Large-scale distributed systems frequently struggle with cache consistency. It’s even called the hardest problem in computer science. In read-heavy systems such as Facebook’s TAO, it’s even harder to detect rare types of inconsistencies and generate actionable information due to the sheer scale. Replica comparison-based checking can help with detection, but it doesn’t provide actionable insight into the actual cause of an inconsistency. We need a way to trace requests within the system to pinpoint
where and how cache inconsistencies are introduced.
We don’t know which operations against our cache will introduce inconsistencies, but we also can’t practically trace every operation in a high-throughput system. The key insight is that there are a limited number of cases where cache is actually allowed to change. While read operations often make up the vast majority of cache traffic, they can still cause cache fills and bugs could still cause inconsistencies. However, reads of recently mutated data are much more likely to be of interest. Can we trace reads to recently mutated data?
In a read-optimized write-through cache such as TAO, we care when a write occurs and invalidations are sent to other replicas; we care when a read on a recently written key results in a cache fill; we care when an at-or-after versioned read forces the system to refill the cache.

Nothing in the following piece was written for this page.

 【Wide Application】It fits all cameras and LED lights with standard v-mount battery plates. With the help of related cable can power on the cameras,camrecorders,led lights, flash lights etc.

Our system samples write traffic and tags the write as traced as soon as the write is sent. Then, any RPCs involving that key are traced for a period of time, including asynchronous invalidation or replication messages, subsequent cache fills occur on reads, and even at-or-after versioned read requests. The system can trigger traces even if the write has not yet been asynchronously replicated to the replica being queried yet.

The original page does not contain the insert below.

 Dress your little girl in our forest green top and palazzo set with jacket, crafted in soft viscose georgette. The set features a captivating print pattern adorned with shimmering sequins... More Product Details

While our consistency checker is external to TAO, the actual tracing implementation is integrated directly into the binary. Because of this, we can obtain detailed traces of exactly which code paths executed during a request. We can even perform basic consistency checking while tracing the request execution to verify invariants, such as a new cached version being higher than the old cached version. We’ve been able to use this distributed trace information to pinpoint bugs down to the exact line of code.
We’ve also used distributed consistency tracing extensively to verify asynchronously updated global secondary indexes. Secondary indexes pose additional challenges for inconsistency detection because index updates are filtered out, transformed, resharded, and more. This makes it impossible to perfectly verify them programmatically as any consistency checker must also filter, transform, and reshard index updates from the canonical source. If we had perfect code that could figure out whether there should be
a row in the index, we could just use that as the indexing code and we’d never have inconsistencies. Further, our secondary indexes are asynchronously updated and don’t support point in time reads, making it impossible to compare the index to the canonical source.
So in addition to building consistency checkers for our secondary indexes (which are inherently incomplete), we rely on distributed consistency tracing. The observability we get from tracing lets a human verify the accuracy of the secondary indexes when debugging production issues, much the same way as MySQL’s extensive integration testing provides verification of its secondary indexes despite the impossibility of perfect consistency checking.